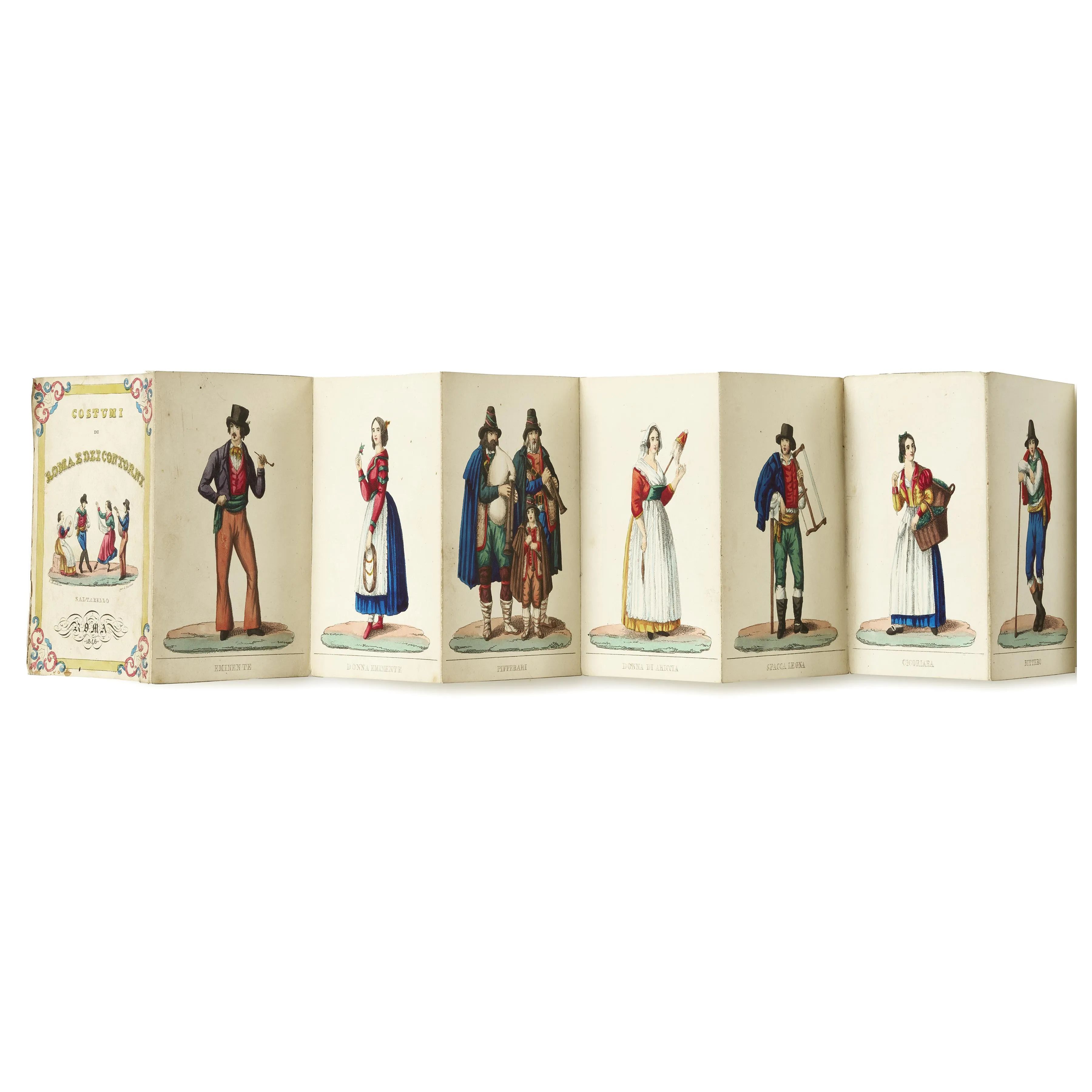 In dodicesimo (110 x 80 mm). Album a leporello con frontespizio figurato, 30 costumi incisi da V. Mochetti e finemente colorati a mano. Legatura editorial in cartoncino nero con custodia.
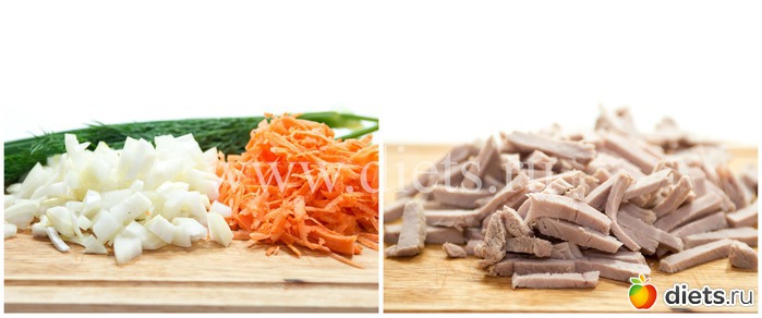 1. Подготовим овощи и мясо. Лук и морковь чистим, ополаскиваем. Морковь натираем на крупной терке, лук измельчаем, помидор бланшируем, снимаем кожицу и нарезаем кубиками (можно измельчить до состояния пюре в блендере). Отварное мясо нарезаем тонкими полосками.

==

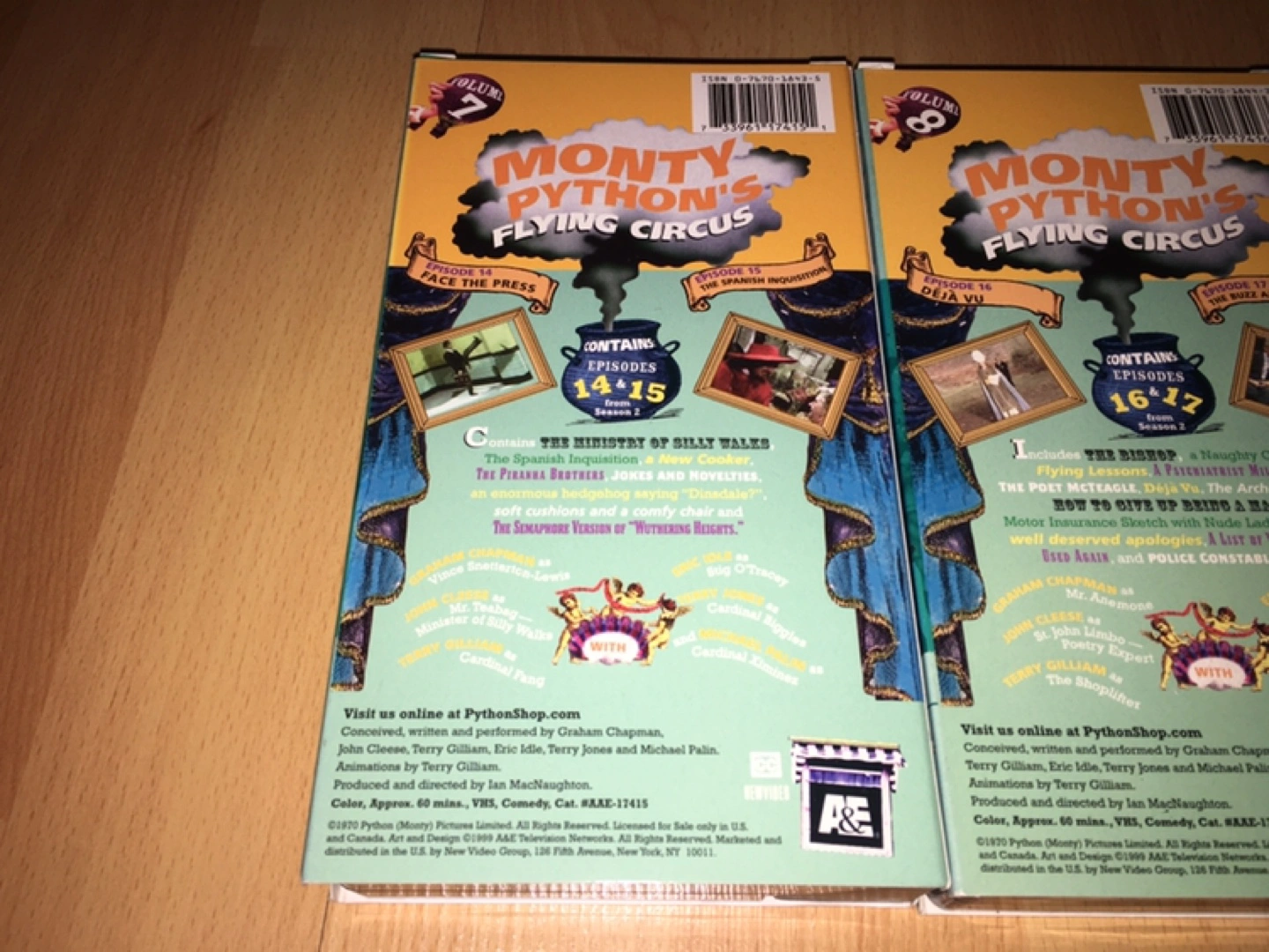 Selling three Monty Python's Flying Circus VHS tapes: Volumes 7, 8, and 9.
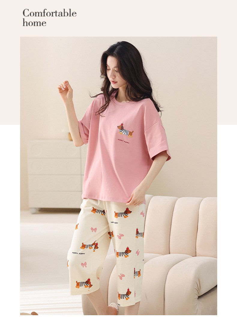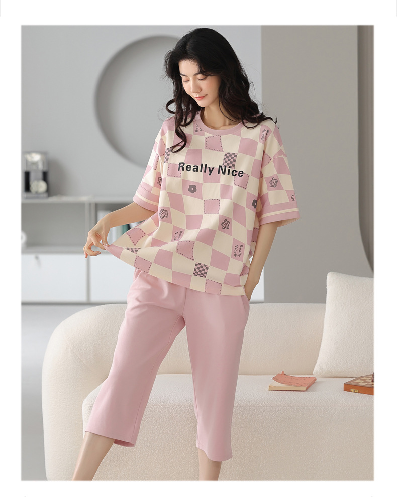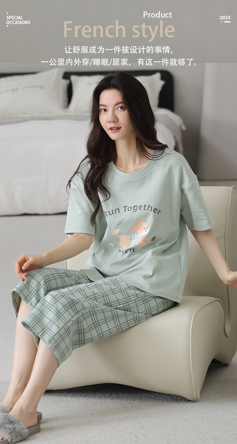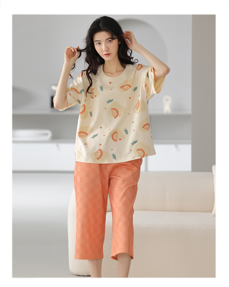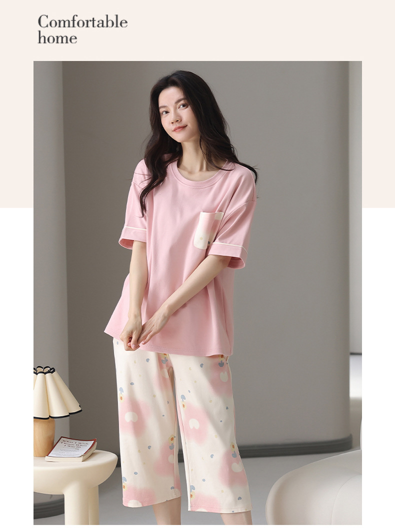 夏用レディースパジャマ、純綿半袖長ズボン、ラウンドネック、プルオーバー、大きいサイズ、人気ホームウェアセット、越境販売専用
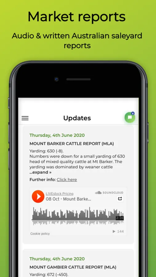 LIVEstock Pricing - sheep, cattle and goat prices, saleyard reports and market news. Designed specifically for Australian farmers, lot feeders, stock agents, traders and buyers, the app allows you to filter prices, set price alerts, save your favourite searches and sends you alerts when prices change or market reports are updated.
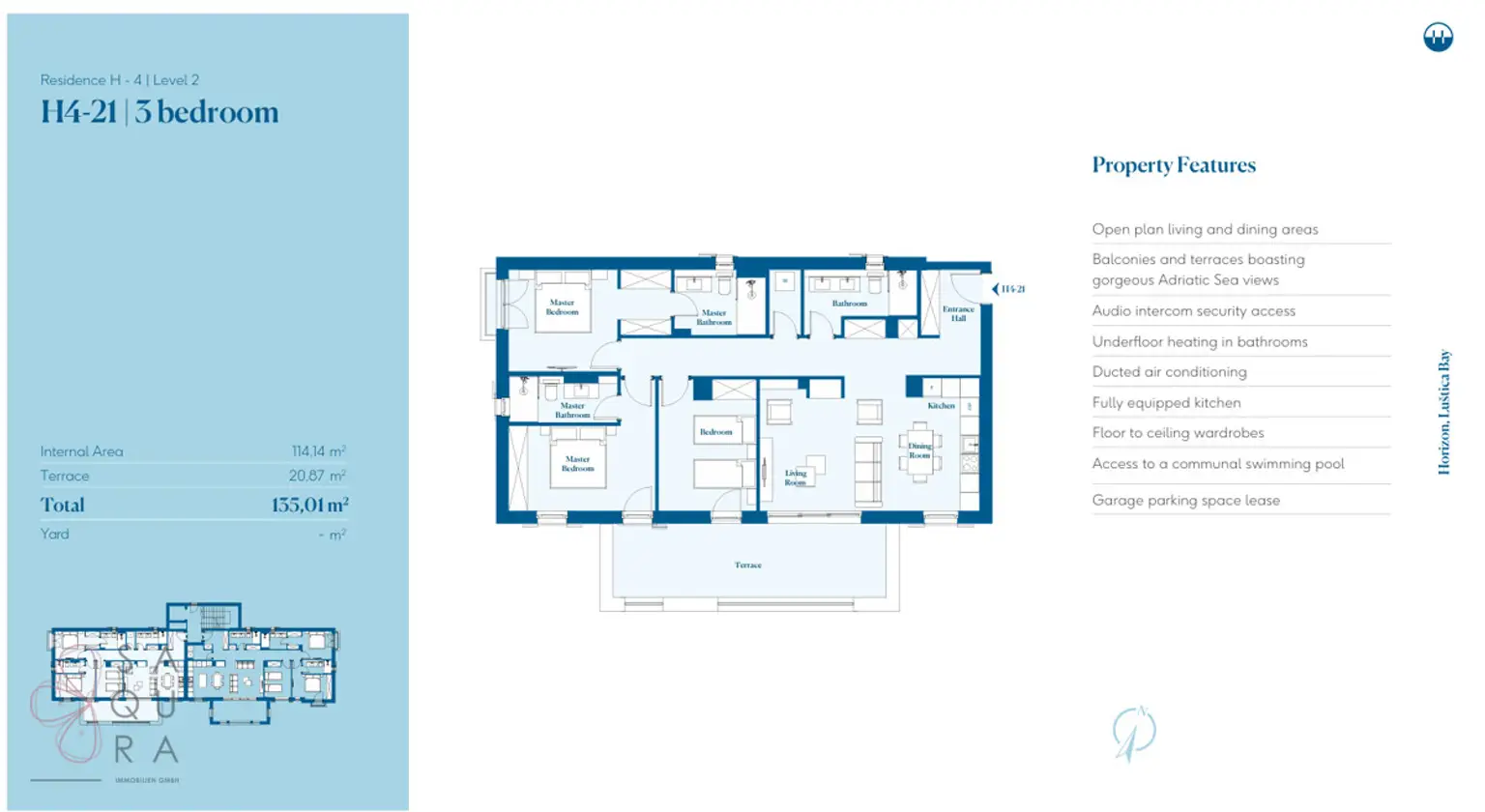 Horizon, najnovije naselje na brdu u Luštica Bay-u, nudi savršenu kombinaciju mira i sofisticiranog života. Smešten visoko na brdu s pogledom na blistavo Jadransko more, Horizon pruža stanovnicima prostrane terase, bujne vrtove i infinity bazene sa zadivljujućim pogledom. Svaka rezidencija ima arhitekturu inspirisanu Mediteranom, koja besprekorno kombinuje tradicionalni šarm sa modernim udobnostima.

## PROBLEM
Please output, exactly as written, the lines above from the one holding "In dodicesimo (110" through the one holding "1. Подготовим овощи", both included, with the pictures omitted.

## EXERCISE OUTPUT
 In dodicesimo (110 x 80 mm). Album a leporello con frontespizio figurato, 30 costumi incisi da V. Mochetti e finemente colorati a mano. Legatura editorial in cartoncino nero con custodia.
 1. Подготовим овощи и мясо. Лук и морковь чистим, ополаскиваем. Морковь натираем на крупной терке, лук измельчаем, помидор бланшируем, снимаем кожицу и нарезаем кубиками (можно измельчить до состояния пюре в блендере). Отварное мясо нарезаем тонкими полосками.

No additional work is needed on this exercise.